オビアゲリ・エゼクウェシリ 世界銀行アフリカ地域担当副総裁 アフリカで何かが起こりつつある。何十年もの苦境を経て、アフリカの多くの国々はようやく窮地を脱し、より迅速で安定した経済成長の道を歩み始めたようにみえる。
アフリカ経済は、30年ぶりに初めて世界経済と歩調を合わせて発展し、2年連続で5.4%の平均成長率を達成している。原油と鉱物の価格上昇がこうした成長の一端を担っているが、今日、アフリカの全人口の3分の1以上が暮らす資源に乏しい国々でも、過去10年間に4%以上もの成長を遂げている。
政策面でも改善がみられる。インフレ、財政赤字、為替レート、対外債務の返済において管理が向上し、経済が貿易や民間企業に一段と開放されている。政府の統治機能も改善されつつあり、民主主義や不正の取締り強化も進んでいる。経済成長のおかげで、貧困との闘いにも成果が上がり、ミレニアム開発目標(MDGs)を達成するための努力が実を結びつつある。
例えば、小学校に通うアフリカの子供たちの割合は、1991年に72%だったのが、2004年には96%に増えたほか、貧困の割合も44%(90年)から2015年には38%まで削減される見通しである。だが、こうしたプラスの兆候とは裏腹に、依然として深刻な課題が多く残っている。アフリカの人口の3分の1は、低成長国、もしくは全く成長していない国々に暮らしており、彼らの生活は悲惨で、悪化の一途をたどっている。
ここ数年、国際社会はアフリカをしだいに重視するようになり、成長促進と生活水準の向上にひたすら励むアフリカの努力に対し、一段と認識が高まってきている。にもかかわらず、公的援助増額の合意は遅々として具体化していない。我々はアフリカのパートナーとして、約束を果たす必要がある。
アフリカの一般市民の生活向上を実現しようとするならば、国際社会はパートナーとしてアフリカを引き続き支援していかなければならない。
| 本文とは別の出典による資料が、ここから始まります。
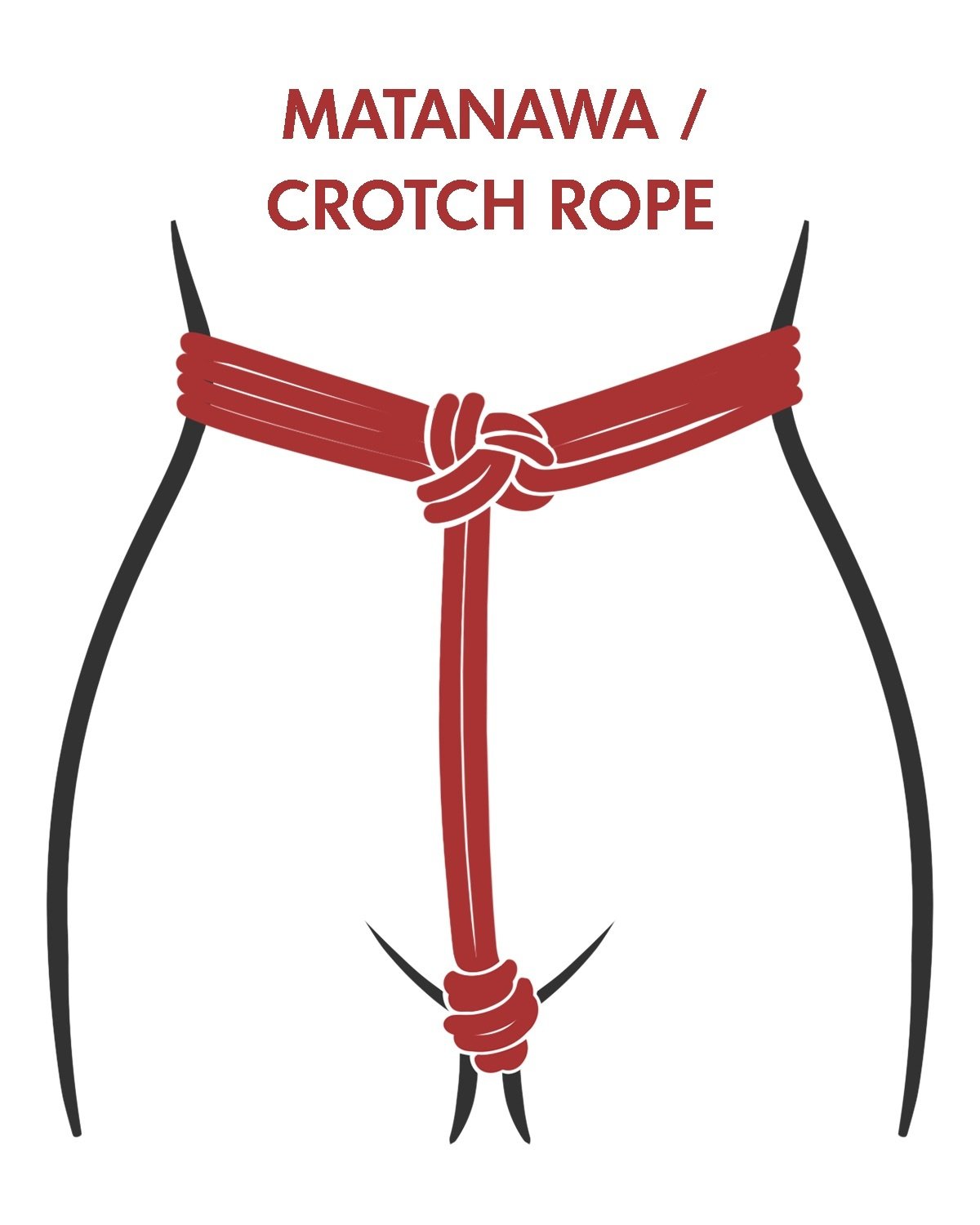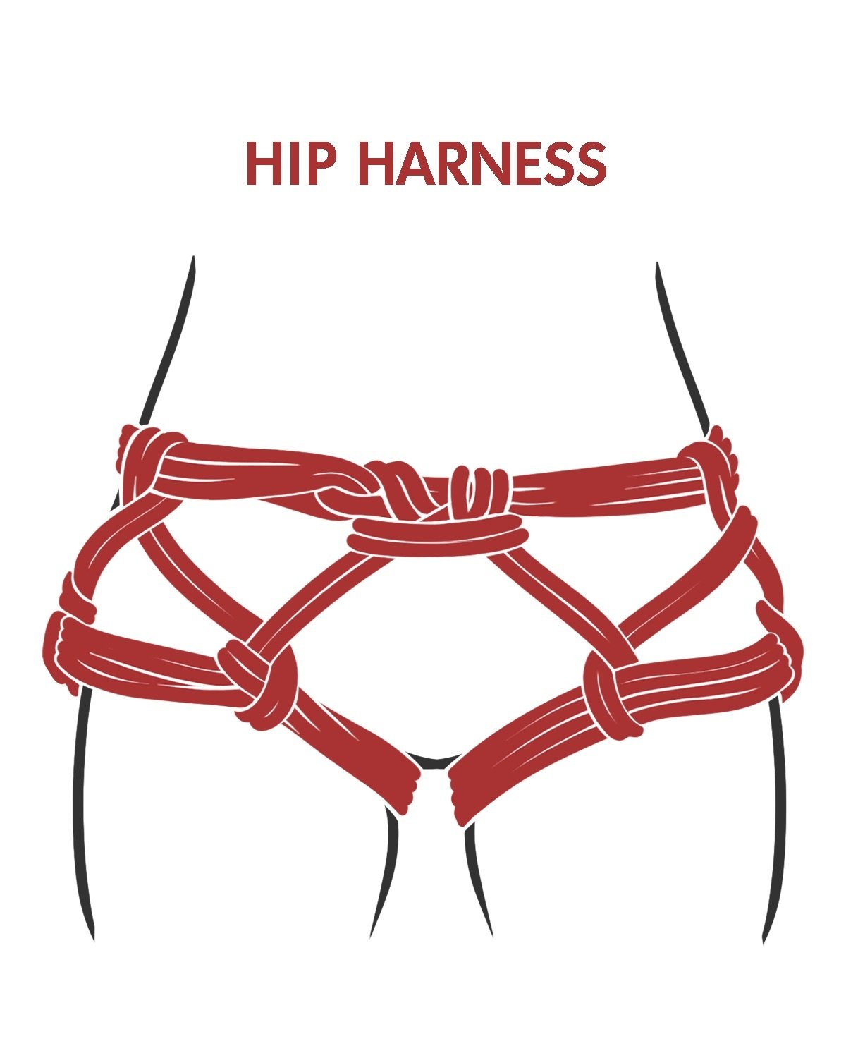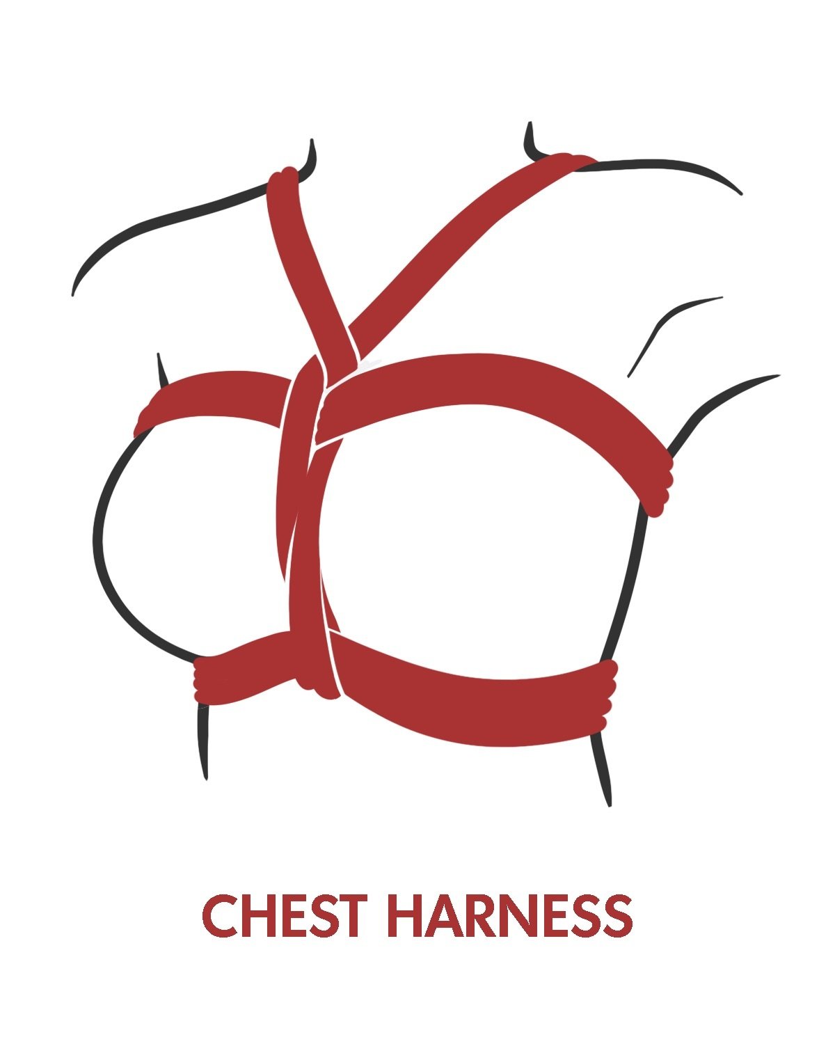 There are plenty of rope chest harnesses, the most popular being the Bikini and Shinju harnesses. Chest harnesses frame the torso and breasts quite nicely, making them popular accessories. Both of these harnesses are also buildable, serving as an easy connecting point for wrist and arm ties. Our diagram is of the Bikini Chest Harness, which cannot be used for suspension, while the Shinju Chest Harness can be used as the foundational upper-body attachment for suspension.

それは、貿易に対する門戸開放の動きを実行し、約束どおりに援助を提供し、この将来性にあふれるアフリカが、その潜在的可能性を実現できるよう支援していくことにつながる。我々の仕事は、アフリカの国造りとか、そのための監督ではなく、アフリカの潜在力を解き放つことである点をよく理解している。
2005年に英国・グレンイーグルズで開催されたG8サミット(主要国首脳会議)で、日本は向こう3年間でアフリカへの政府開発援助(ODA)を倍増すると公約した。日本は今年、この約束を果たす意志のあることを、世界に示すことのできる2つの機会に恵まれる。
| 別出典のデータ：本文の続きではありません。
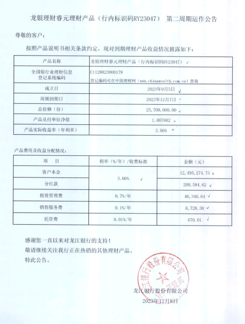 龙银理财睿元理财产品(行内标识码RY23047)第二周期运作公告
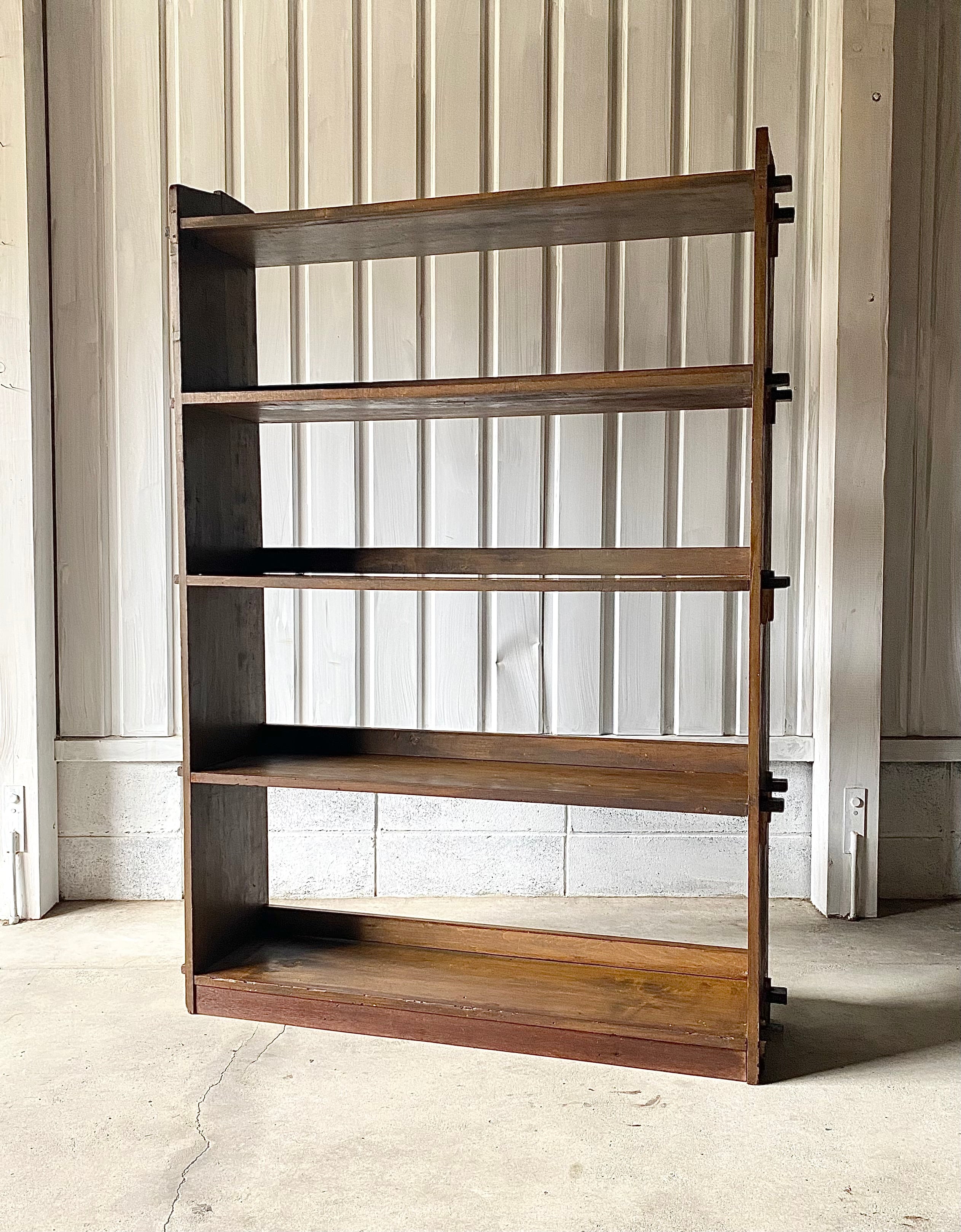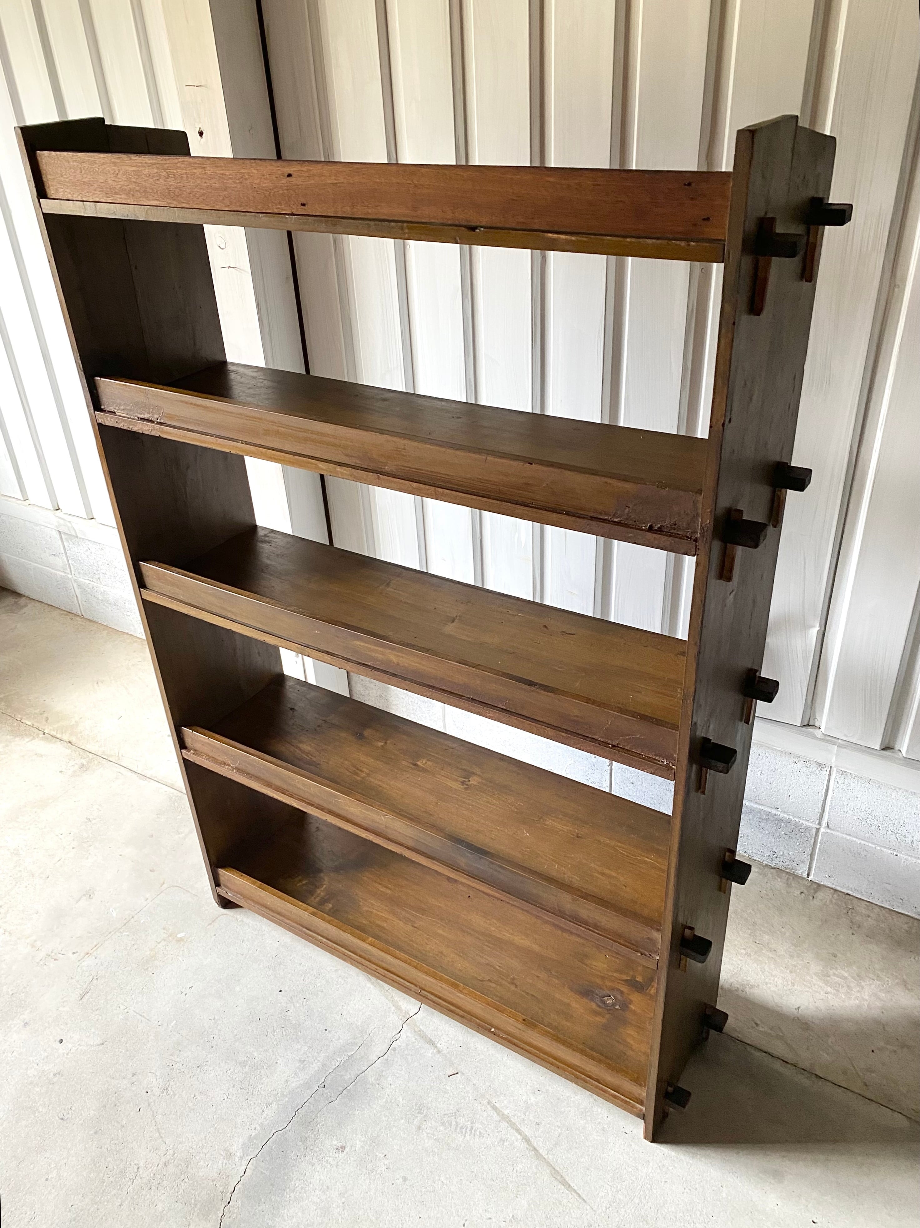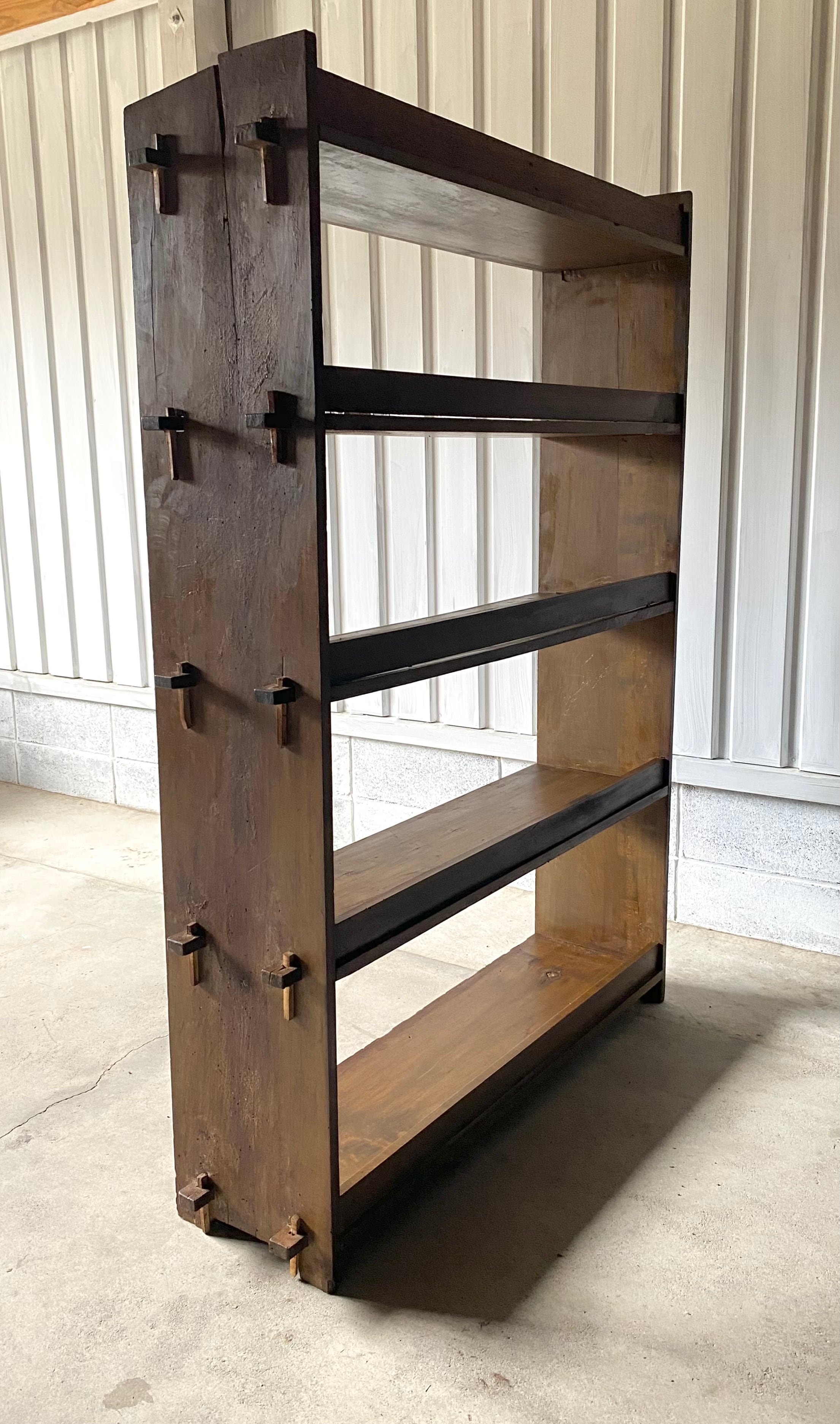 古い楔棚になります。スレや欠け、当たりキズ、禿げ、虫食いによる少しの木屑、隙間、落としきれない汚れなどがあります。少しのぐらつきはありますが、全体的に状態も良いのでまだまだ実用的に活躍してくれます。

まず、5月に横浜で開催される第4回アフリカ開発会議だ。ここでは、アフリカの課題についてのアジアの見解を、アフリカ開発に関する国際的会合の最前線に押し出す機会となろう。さらに、7月に北海道洞爺湖で開かれるG8サミットでは、グレンイーグルズでの期待に応えるため、日本がとるべき方向性をしっかりと示し、G8のメンバーに同様の行動をとることを促す絶好の機会となろう。 今日、アフリカの全人口のほぼ半数は14才未満の子供たちである。彼らは明日を担う起業家であり、教員、技術者、そして農民なのである。彼らは世界の中で引けをとらずに前進できると期待するだろう。我々は彼らを失望させてはいけない。日本の力強いリーダーシップと支援により、決してそうはさせないと確信している。